(Material to process begins)
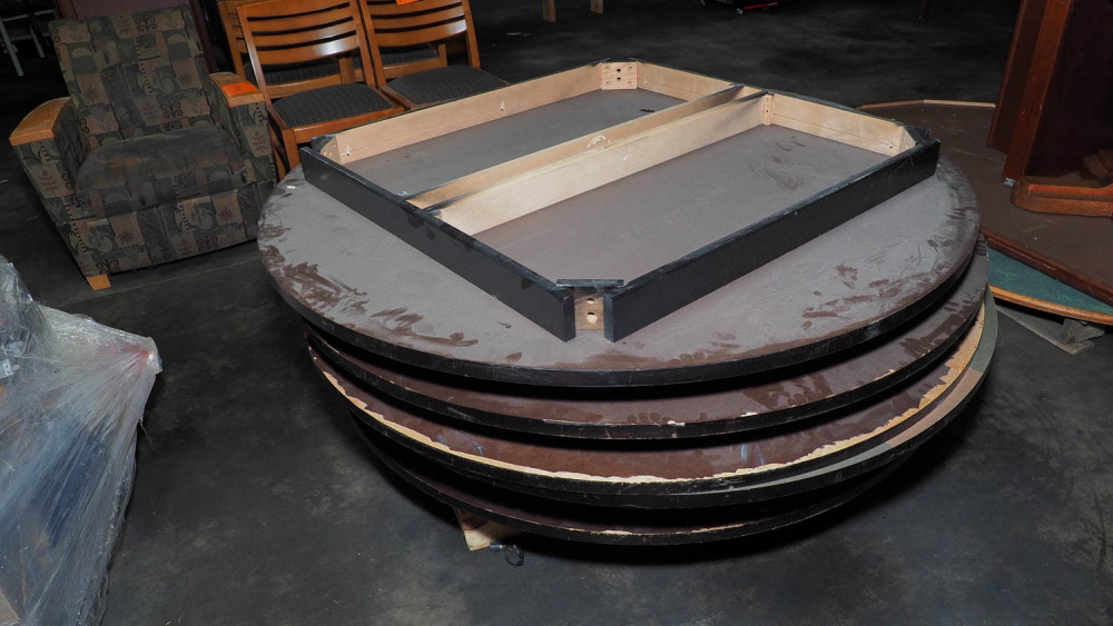 Six 5-foot tables; legs have been removed but are included. *The University of Texas at Austin makes no claim of physical or mechanical , and functionality of items available through SWICO Auctions. All items are sold “As is, where is”. It is the sole responsibility of the bidder to physically inspect items before bidding and assume all risk. Photos and descriptions are for preview only. All sales are final and no refunds will be issued. Please refer to the SWICO “Terms of Service” in which you have agreed to.
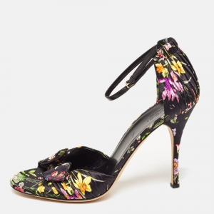 Gucci Black Floral Print Pleated Satin Bow Ankle Strap Sandals Size 39
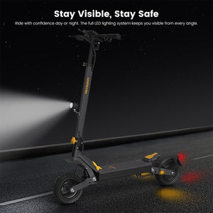 Ride confidently with a full LED lighting system, including a powerful headlight, taillight, brake light, and turn signals. Whether you're navigating low-light conditions or signaling turns, the L1 keeps you clearly visible from all angles.
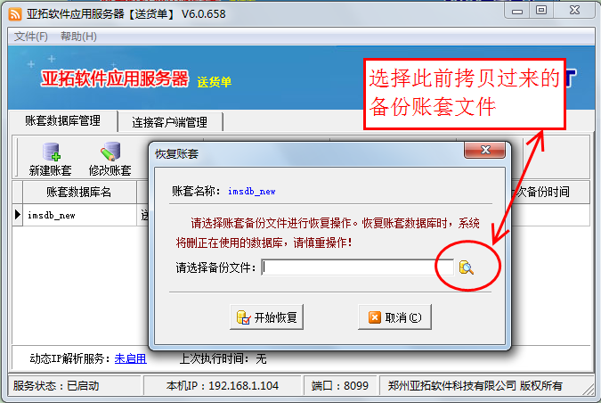 在新主機(jī)電腦上安裝軟件,打開亞拓軟件應(yīng)用服務(wù)器,然后點(diǎn)擊“新建賬套”,執(zhí)行新建賬套操作,賬套名為此前備份的賬套名,新建賬套完成后,選擇此新建的賬套,點(diǎn)“恢復(fù)賬套”,選擇此前拷貝過來的備份賬套文件進(jìn)行恢復(fù)數(shù)據(jù),數(shù)據(jù)恢復(fù)后,在登錄窗口選擇賬套登錄,檢查下數(shù)據(jù)是否完全恢復(fù)。
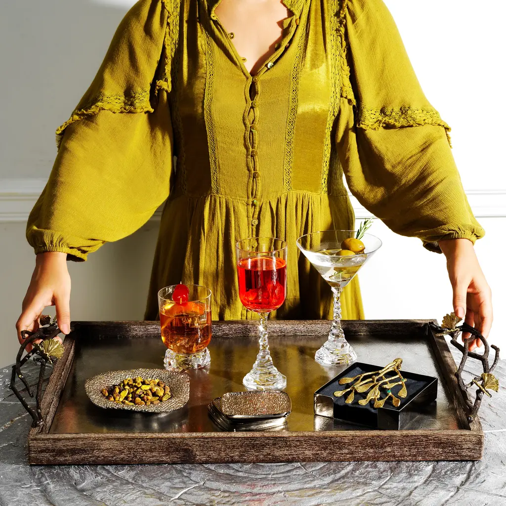 Michael Aram's exquisite Rock Collection was inspired by jagged edged stone formations as seen through the combined lenses of Rock and Roll Glam, Cubism and Art Deco. Referencing past cultural and artistic movements as well as natural forms creates a captivating display that brings artful elegance to the table.
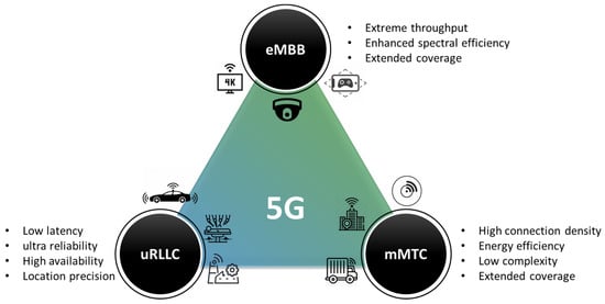 Another factor that makes the IoT a welcome solution for building fire evacuation control is the incentive of the fifth generation of cellular technology (5G). 5G is a new global wireless standard after 1G, 2G, 3G, and 4G networks []. It was proposed and started its commercial deployment in 2019 []. Compared to the previous 2G, 3G, and 4G Long Term Evolution (LTE), 5G operates in an additional millimeter-wave (mmWave) spectrum from 28 GHz up to 95 GHz to provide a larger band of frequencies []. As a result, it enables a peak throughput of 10–20 Gbps, 100 times faster than 4G LTE networks. More than increasing the speed, 5G also contains technologies enabling approximately 1 ms latency in data delivery, increased energy efficiency consumption, massive device communication, etc. []. These attributes make new experiences and services in IoT connectivity and applications possible []. Three new service areas were categorized, which are enhance mobile broadband (eMBB), massive machine type communication (mMTC), and ultra-reliable and low latency communication (uRLLC). The overall vision for these three broad 5G usage families and their basic service requirements are illustrated in Figure 1.
(Material to process ends)
(Work task):
Give every entry again word for word; no images belong in the copy.

(Answer space):
 Six 5-foot tables; legs have been removed but are included. *The University of Texas at Austin makes no claim of physical or mechanical , and functionality of items available through SWICO Auctions. All items are sold “As is, where is”. It is the sole responsibility of the bidder to physically inspect items before bidding and assume all risk. Photos and descriptions are for preview only. All sales are final and no refunds will be issued. Please refer to the SWICO “Terms of Service” in which you have agreed to.
 Gucci Black Floral Print Pleated Satin Bow Ankle Strap Sandals Size 39
 Ride confidently with a full LED lighting system, including a powerful headlight, taillight, brake light, and turn signals. Whether you're navigating low-light conditions or signaling turns, the L1 keeps you clearly visible from all angles.
 在新主機(jī)電腦上安裝軟件,打開亞拓軟件應(yīng)用服務(wù)器,然后點(diǎn)擊“新建賬套”,執(zhí)行新建賬套操作,賬套名為此前備份的賬套名,新建賬套完成后,選擇此新建的賬套,點(diǎn)“恢復(fù)賬套”,選擇此前拷貝過來的備份賬套文件進(jìn)行恢復(fù)數(shù)據(jù),數(shù)據(jù)恢復(fù)后,在登錄窗口選擇賬套登錄,檢查下數(shù)據(jù)是否完全恢復(fù)。
 Michael Aram's exquisite Rock Collection was inspired by jagged edged stone formations as seen through the combined lenses of Rock and Roll Glam, Cubism and Art Deco. Referencing past cultural and artistic movements as well as natural forms creates a captivating display that brings artful elegance to the table.
 Another factor that makes the IoT a welcome solution for building fire evacuation control is the incentive of the fifth generation of cellular technology (5G). 5G is a new global wireless standard after 1G, 2G, 3G, and 4G networks []. It was proposed and started its commercial deployment in 2019 []. Compared to the previous 2G, 3G, and 4G Long Term Evolution (LTE), 5G operates in an additional millimeter-wave (mmWave) spectrum from 28 GHz up to 95 GHz to provide a larger band of frequencies []. As a result, it enables a peak throughput of 10–20 Gbps, 100 times faster than 4G LTE networks. More than increasing the speed, 5G also contains technologies enabling approximately 1 ms latency in data delivery, increased energy efficiency consumption, massive device communication, etc. []. These attributes make new experiences and services in IoT connectivity and applications possible []. Three new service areas were categorized, which are enhance mobile broadband (eMBB), massive machine type communication (mMTC), and ultra-reliable and low latency communication (uRLLC). The overall vision for these three broad 5G usage families and their basic service requirements are illustrated in Figure 1.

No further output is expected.